▶ _Exercise directions_
Reproduce the complete set of records exactly. No picture is to appear in the copy.

▶ _Data excerpts_
⁂
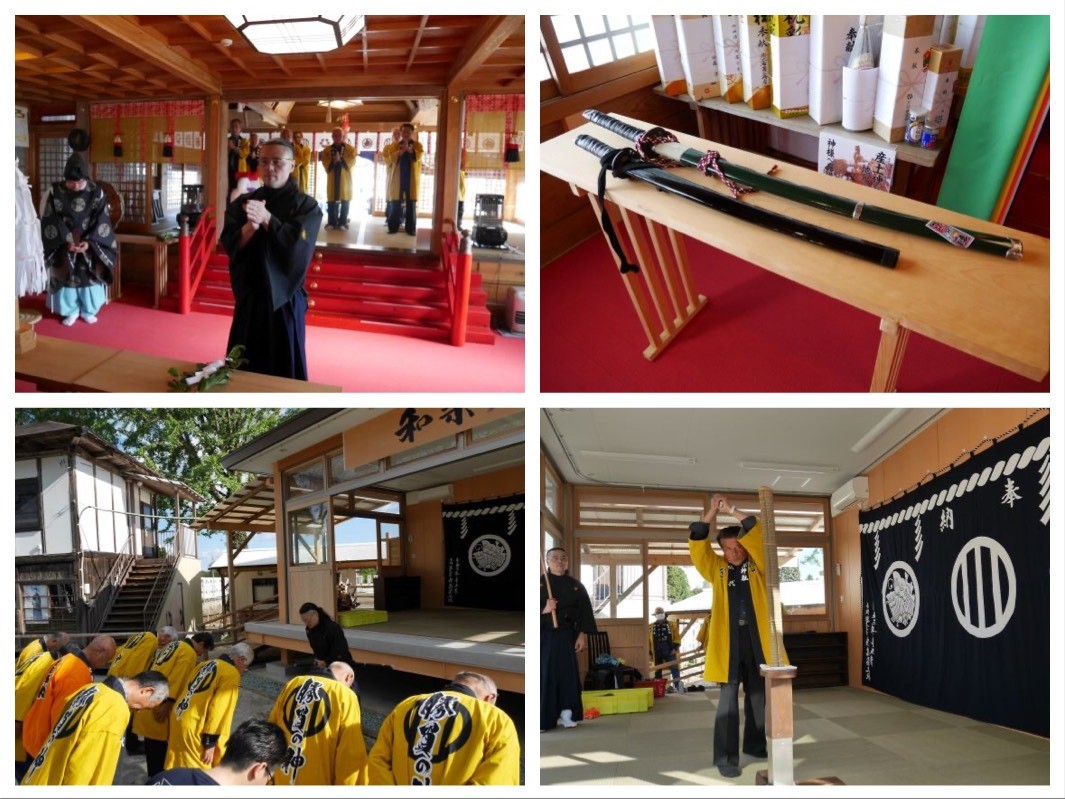 In addition to praying at the shrine, after swordsman Yoshihiro Abe draws his sword in dedication, each participant takes part in the bad luck banishing swordsmanship training.
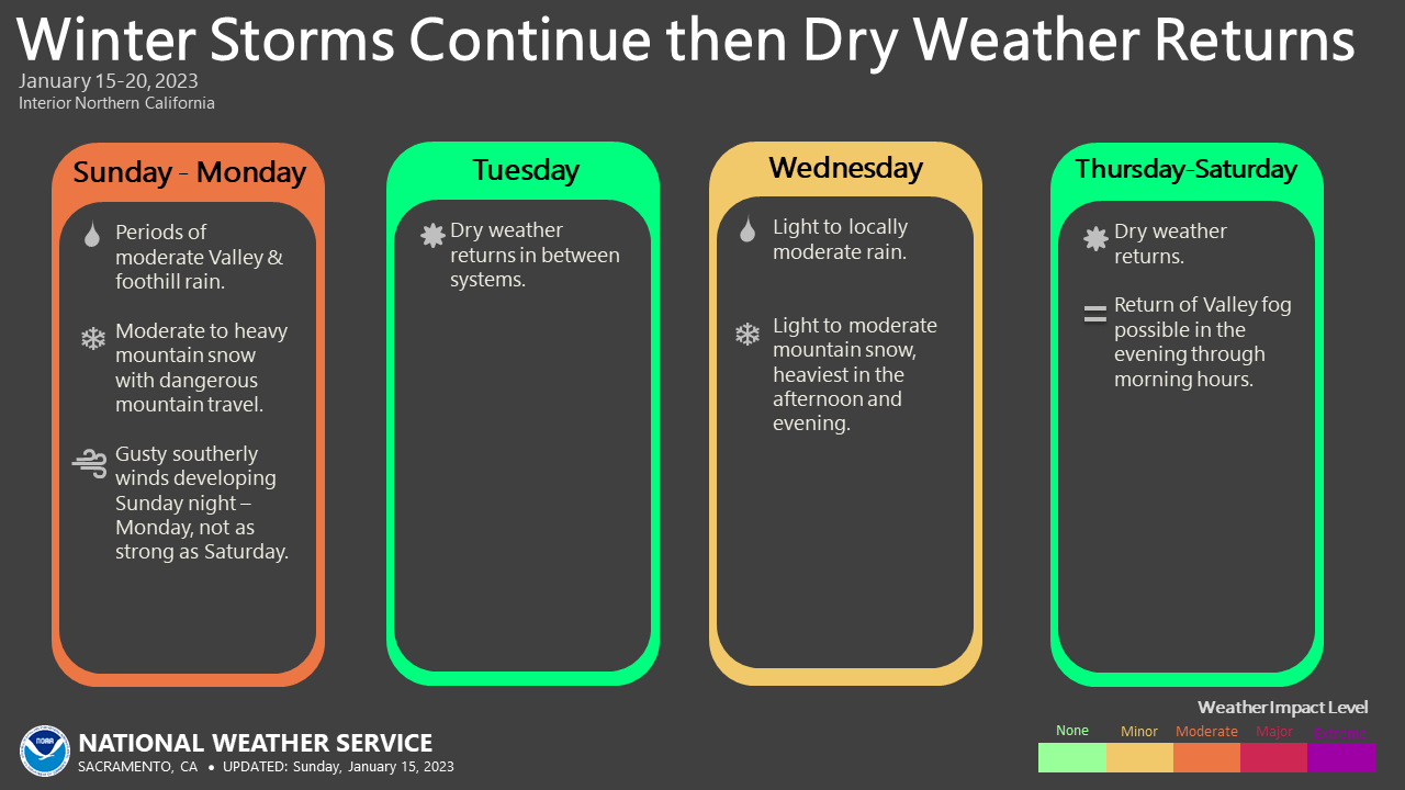“As extreme weather passes throughout the state, Tulare County declares a state of emergency to note the seriousness of the matter. Only two weeks into the new year, the Central Valley already has seen about 30-50% of its annual average rainfall, according to meteorologist Brian Ochs with the National Weather Service (NWS). As of Jan. 13, the NWS has recorded 3.98 inches of rain at their co-op in Visalia, which is well over the monthly average of .91 inches. With that amount of rain, heavy winds, tornado warnings, evacuation notices and damages, the county declared a state of emergency on Tuesday Jan. 10. The day before, Kaweah River reported the most water intake in the past 16 years. … ” Read more from the Foothills Sun-Gazette here: Rain plunges Tulare County into state of emergency
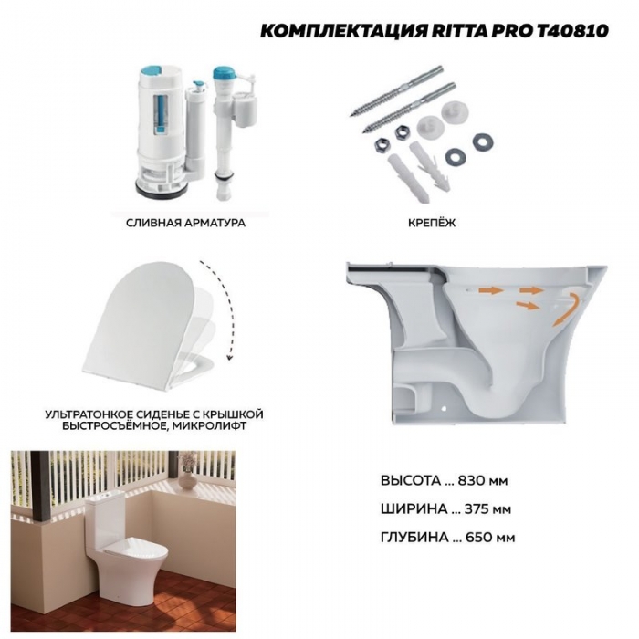 Мы предлагаем широкий ассортимент сантехники для дома и офиса. Унитаз-компакт Teymi Ritta Pro T40810 безободковый купить со скидкой в нашем интернет-магазине Vanna-Store.ru и забрать самовывозом в Москве.
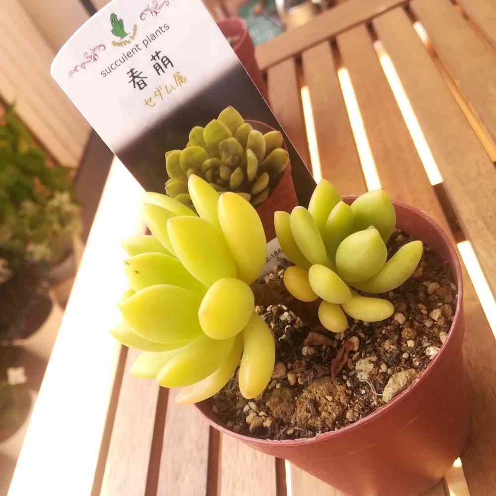 先日連れ帰った多肉ちゃんトリオのセンター、セダム属の春萌ちゃんです☆黄緑色の風船のように肉感たっぷりな質感が、食べちゃいたくなるぐらい可愛い子です(*´▽`*)
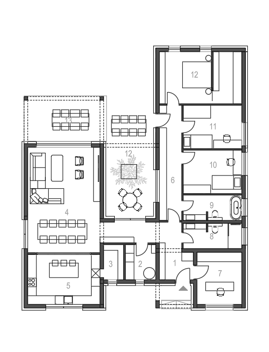 convert this floor plan into a realistic isometric 3d view of a full house show the space from an elevated angle with furniture walls and details visible make scandinavian home in parents room add walk in as in plan remove pergola use the same furniture as shows on the plan do not change the orientation of the floorplan
⁂
▶ _Result for this task_
 In addition to praying at the shrine, after swordsman Yoshihiro Abe draws his sword in dedication, each participant takes part in the bad luck banishing swordsmanship training.
“As extreme weather passes throughout the state, Tulare County declares a state of emergency to note the seriousness of the matter. Only two weeks into the new year, the Central Valley already has seen about 30-50% of its annual average rainfall, according to meteorologist Brian Ochs with the National Weather Service (NWS). As of Jan. 13, the NWS has recorded 3.98 inches of rain at their co-op in Visalia, which is well over the monthly average of .91 inches. With that amount of rain, heavy winds, tornado warnings, evacuation notices and damages, the county declared a state of emergency on Tuesday Jan. 10. The day before, Kaweah River reported the most water intake in the past 16 years. … ” Read more from the Foothills Sun-Gazette here: Rain plunges Tulare County into state of emergency
 Мы предлагаем широкий ассортимент сантехники для дома и офиса. Унитаз-компакт Teymi Ritta Pro T40810 безободковый купить со скидкой в нашем интернет-магазине Vanna-Store.ru и забрать самовывозом в Москве.
 先日連れ帰った多肉ちゃんトリオのセンター、セダム属の春萌ちゃんです☆黄緑色の風船のように肉感たっぷりな質感が、食べちゃいたくなるぐらい可愛い子です(*´▽`*)
 convert this floor plan into a realistic isometric 3d view of a full house show the space from an elevated angle with furniture walls and details visible make scandinavian home in parents room add walk in as in plan remove pergola use the same furniture as shows on the plan do not change the orientation of the floorplan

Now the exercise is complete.